I'm going to introduce you to these two concepts side-by-side, so you can see how useful they are.

The key difference between these two concepts is ordering. With **Permutations**, you focus on **lists** of elements where their order matters.

For example, I was born in **1977**. That's number **1** followed by number **9**, followed by number **7**, followed by number **7**. In that particular order.

If I change the order to **7917** instead, that would be a completely different year. Thus, the order **matters**.

With **Combinations** on the other hand, the focus is on **groups** of elements where the order does **not** matter.

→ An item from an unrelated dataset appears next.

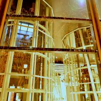 光り輝くなか、エレベーターからの絶景は一瞬で過ぎてしまいます。

Like my cup of coffee is a combination of **coffee**, **sugar** and **water**. It doesn't matter which order I add these ingredients are in. There may as well be **water**, **sugar** and **coffee**, it's still the same cup of coffee. Thus, the order does **not** matter.

Now let's take a closer look at these concepts.

## Part 1: Permutations

### Permutations Where Repetition is Allowed

Imagine you got a new phone. As you start using this new phone, at some point you will be asked to set up a password.

The password must consist of **4** digits. Any 4 digits. And they may be repeated.

There are **10** digits in total to begin with. Those are: 0, 1, 2, 3, 4, 5, 6, 7, 8, 9. So for the first digit of your password, you have **10** choices.

Since you may use the same digit again, the number of choices for the second digit of our password will be **10** again! Thus, choosing two of the password digits so far, the permutations are **10 times 10,** or **10 x 10 = 100 **or** 10 ^{2}**.

The same thinking goes for the third digit of your password. You get to choose from the same 10 choices again. This time you will have **10 times 10 times 10**, or **10 x 10 x 10 = 1,000 **or** 10 ^{3}** permutations.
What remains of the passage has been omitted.